I'm getting hair algae in my 10 gallon.

Rotala indica and glosso growing in rapidly. Still not very much glosso, but if it keeps going it'll have the tank covered in 2 weeks or less.
consistent co2 at 1 bubble/2 seconds into a canister filter. Green drop checker, but I don't have a perfect 4dkh solution.
81 watts of PC on 8 hours
dosing 1/8tsp kno3
1/32tsp kh2po4
1/32tsp csm+b
which is exactly what EI recommends, every monday, wednesday, friday night with a WC before monday's dosing.
ADA amazonia II aquasoil.
The hair is growing (en masse) on the piece of driftwood in the tank and on the glass. I can see maybe 2 strands on the rotala, nothing on the glosso.

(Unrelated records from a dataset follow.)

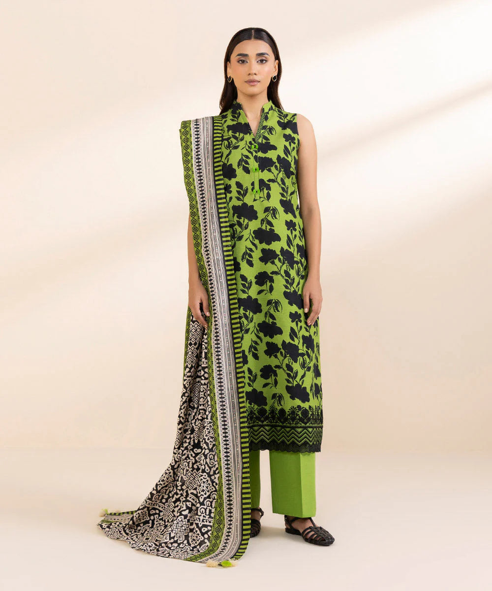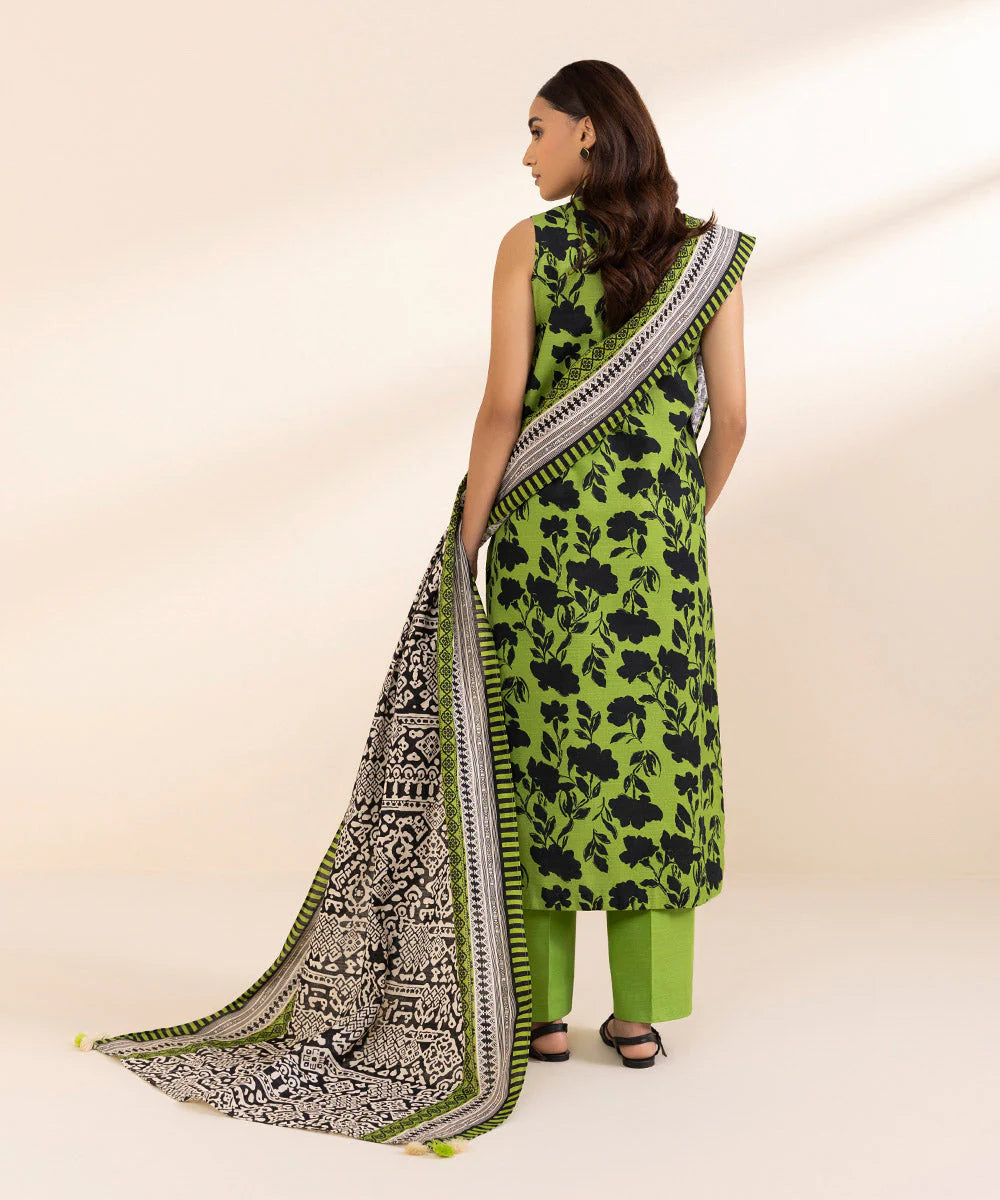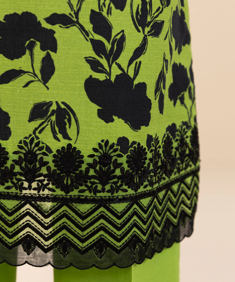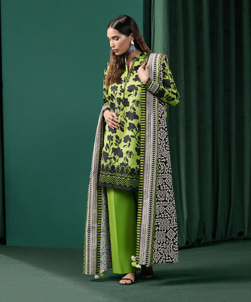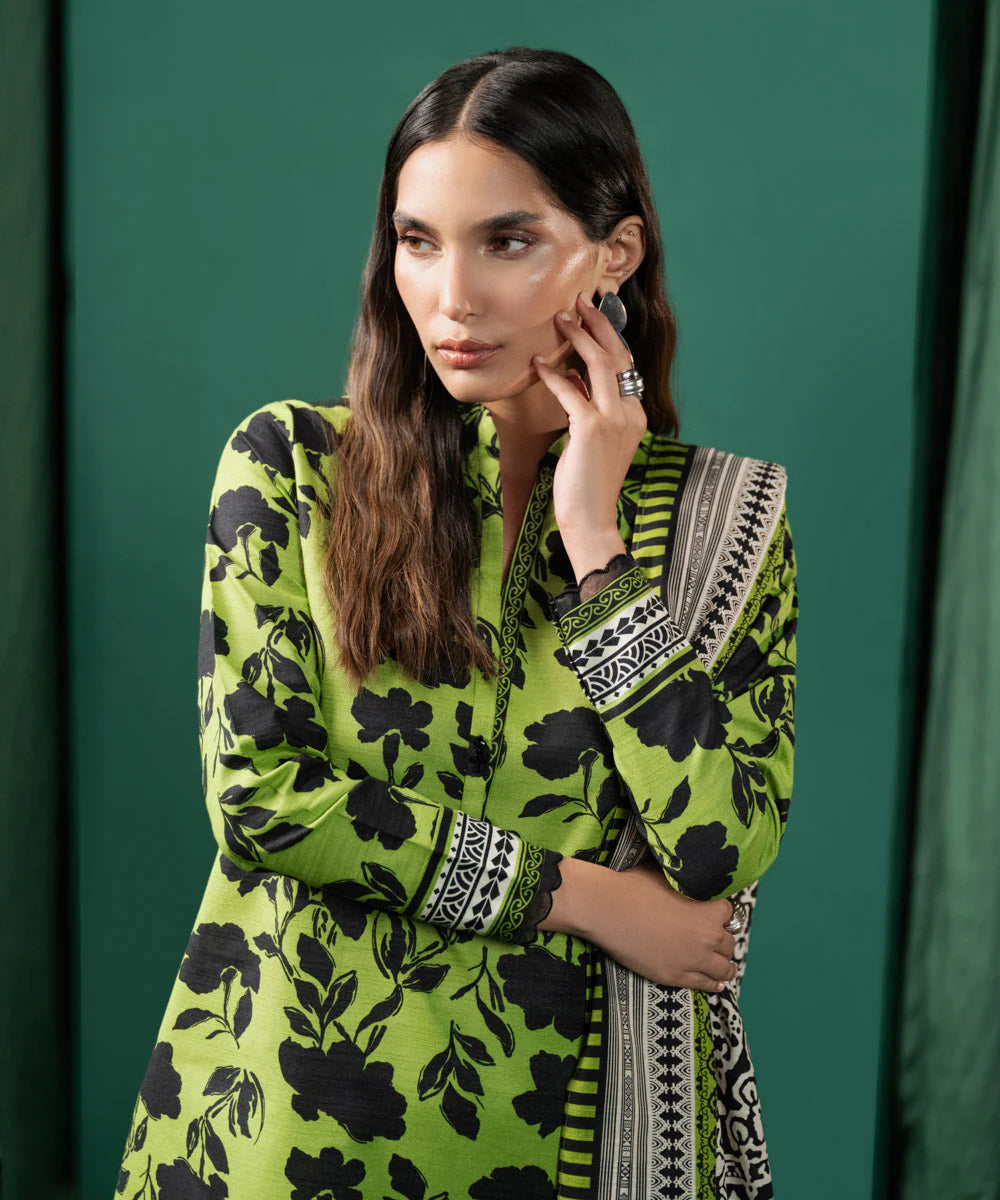 Make a statement this winter in our three-piece embroidered, apple green, and black khaddar suit with a black and off-white dupatta.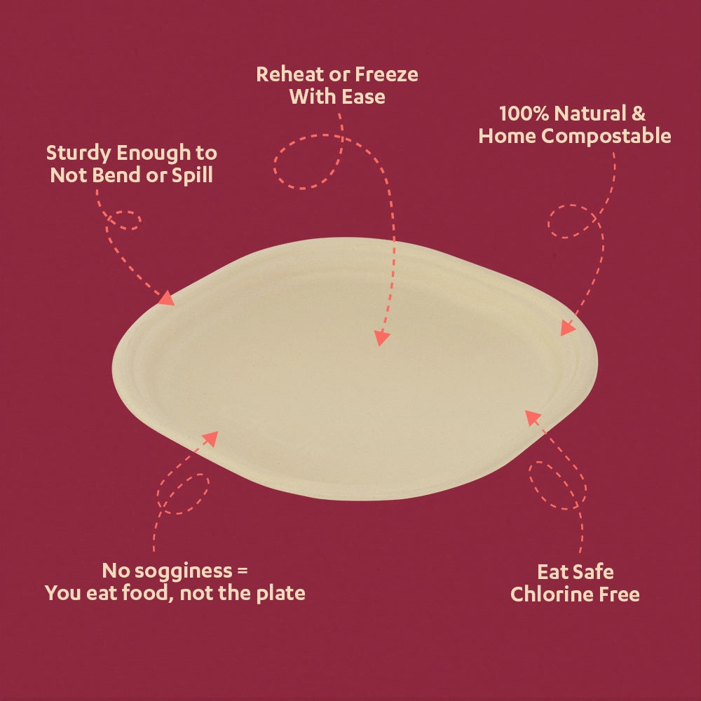 Just Right Plate! Chuk 9” compostable sugarcane bagasse plate is the perfect companion to your meals. Not too big for a plate of biryani, not too small for a serving of dal-chawal. It’s the jack-of-all-trades, master of all plates! This eco-friendly disposable is sturdy, stylish, and sustainable. Your conscience and customers will thank you!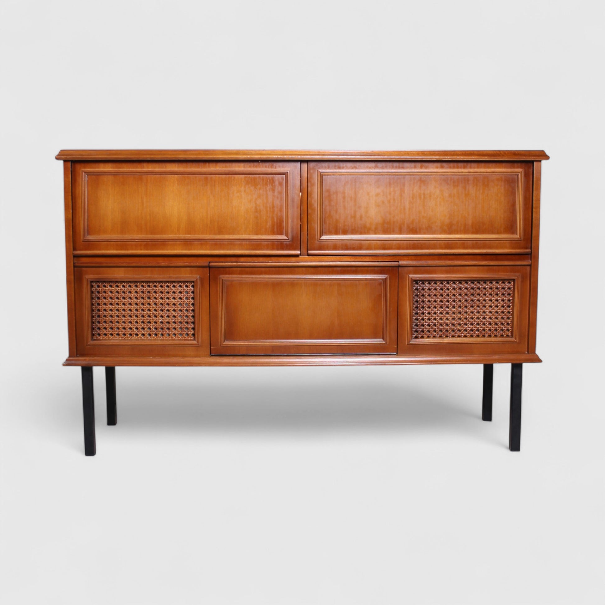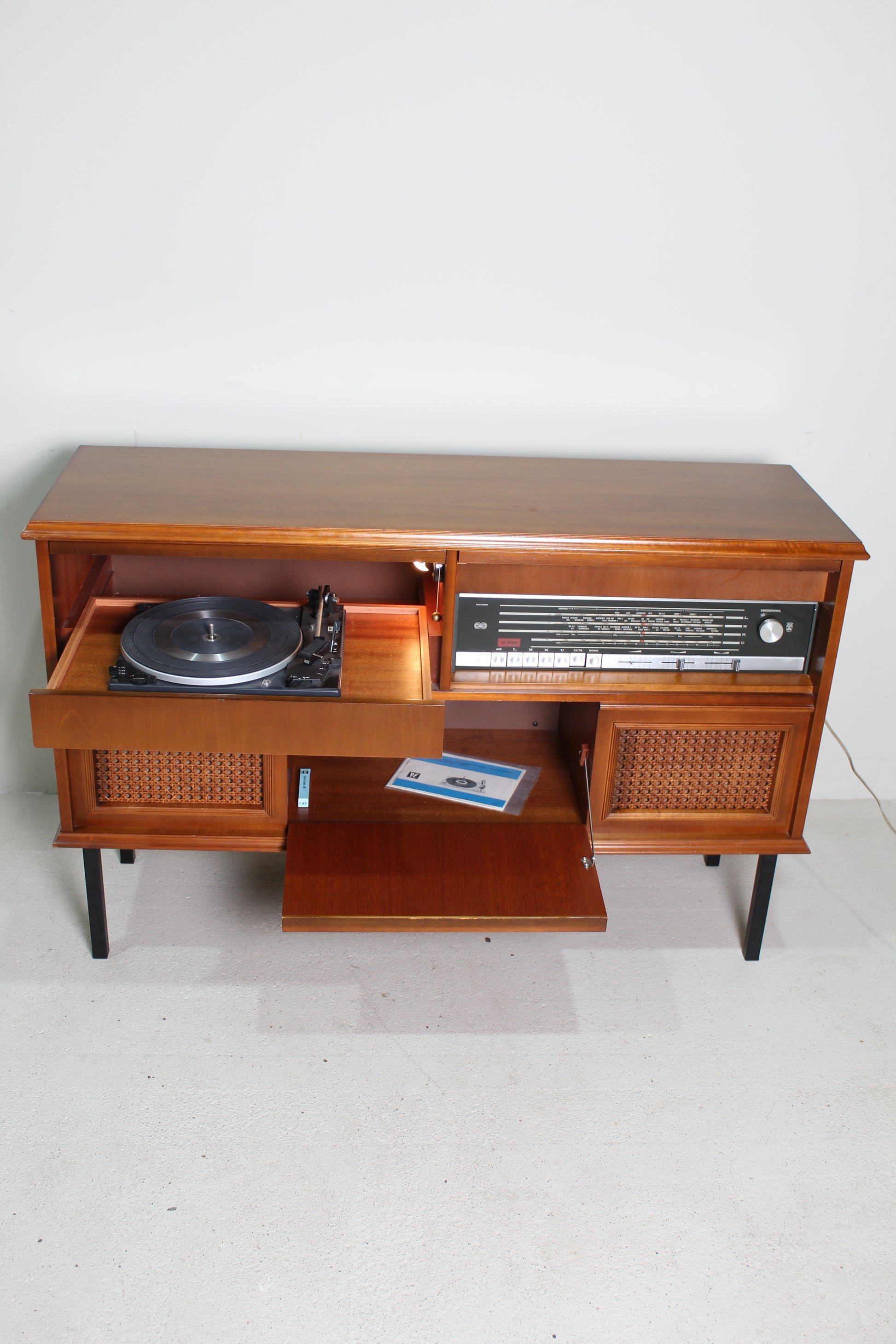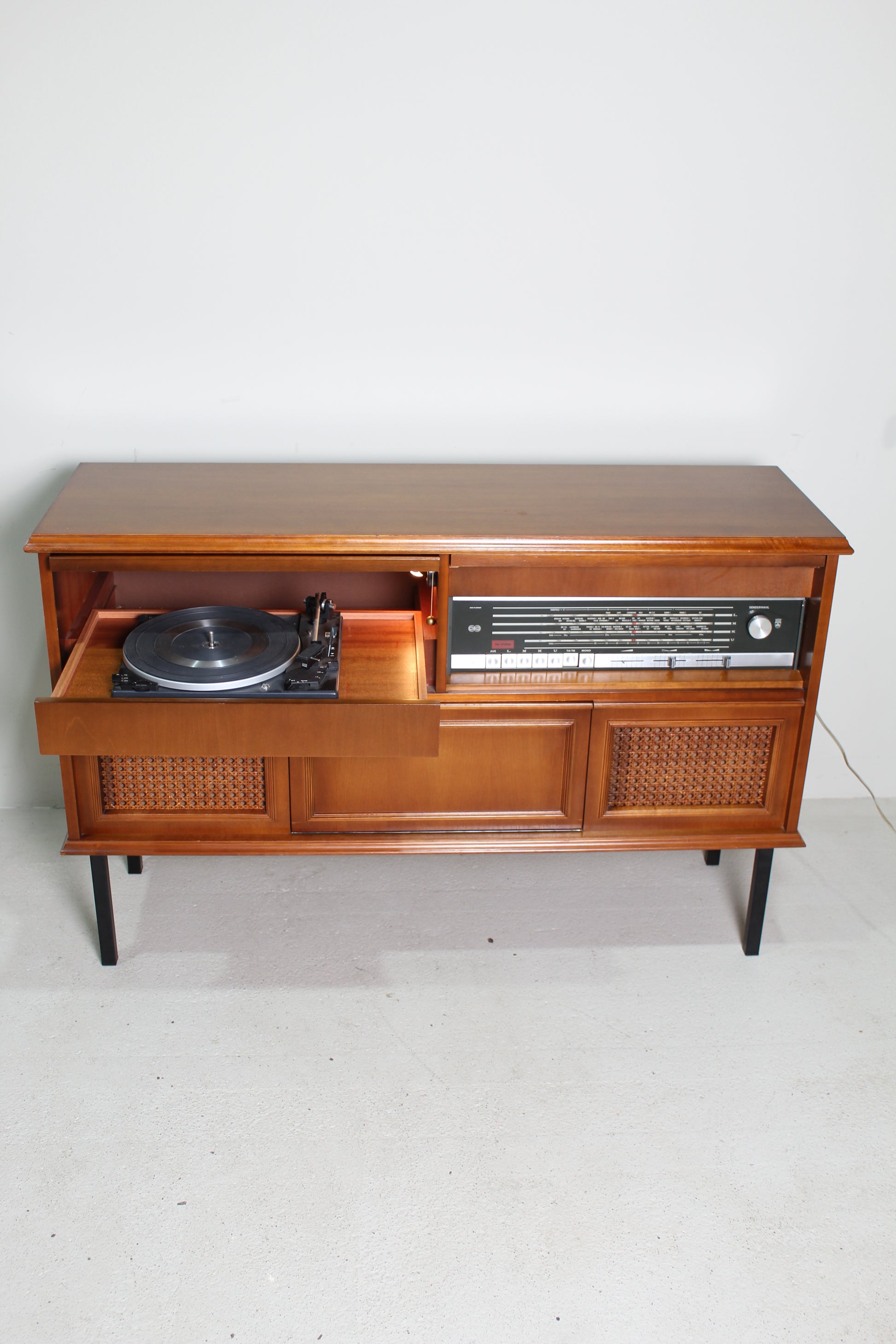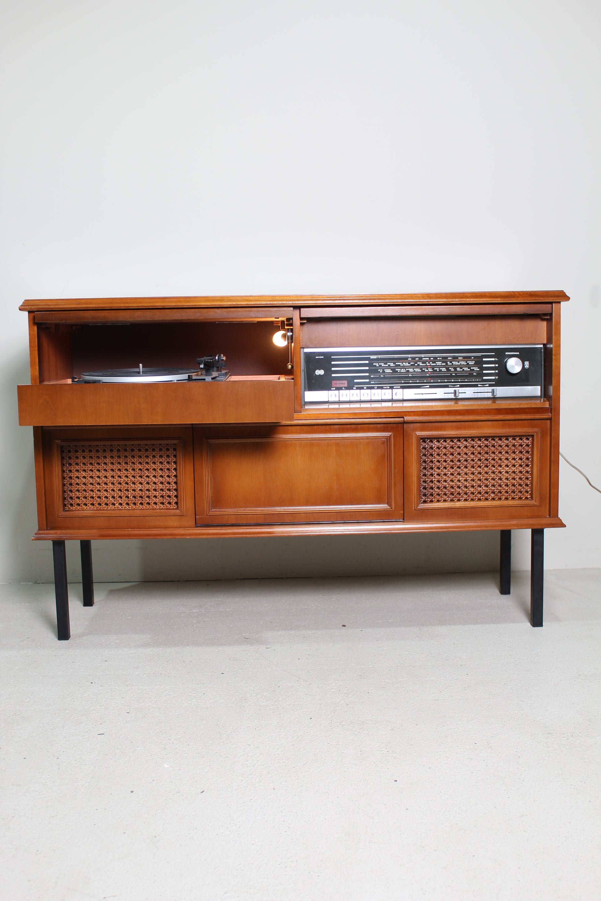 Vintage radiokast uit de jaren '70/'80 van het merk Gründig. De complete radiokast doet het nog, en kan worden voorzien van Novatone! Met Novatone kun je, je mobiel of tablet via Bluetooth verbinden met de kast. Hierdoor heb je de charmes en het goede geluid van het oude radiomeubel, en toch je favoriete Spotify lijstjes.

I've dosed some excel. Should I also lower my po4 dosing?
By the way, I'm not getting any red out of these rotala indica. I'd like to see some.


----------



## virgo888 (Jun 25, 2009)

i have been getting hair algae too. ideas on cause? maybe too much po4?


----------



## Seattle_Aquarist (Mar 7, 2008)

Hi,

To deal with hair algae I usually do four things. First I make sure I am doing at least 2 X 50% water changes per week. (Unlike higher plants algae has trouble adapting to changing water conditions) Second, I cut my photoperiod by 25% - 33%. Third, Siamese Algae Eaters are great hair algae eaters, one per 20 gallons should be enough. Lastly, I dose Excel at 2X the normal daily dosage until it disappears.


----------



## jschall (Apr 13, 2009)

Seattle_Aquarist said:


> Hi,
> 
> To deal with hair algae I usually do four things. First I make sure I am doing at least 2 X 50% water changes per week. (Unlike higher plants algae has trouble adapting to changing water conditions) Second, I cut my photoperiod by 25% - 33%. Third, Siamese Algae Eaters are great hair algae eaters, one per 20 gallons should be enough. Lastly, I dose Excel at 2X the normal daily dosage until it disappears.


Unfortunately I don't want to put a SAE in 10 gallons.
I'll do everything else you've suggested.


----------



## albirdy (Jun 12, 2010)

I recently had a hair algae problem too. 

Here's what I did:
Added more plants
adjusted co2/excel
SAEs and Amano shrimp.

My amanos died fairly quickly (I assume to overdosing excel),
but the algae never came back. I'm assuming my Fat SAEs are to thank.


----------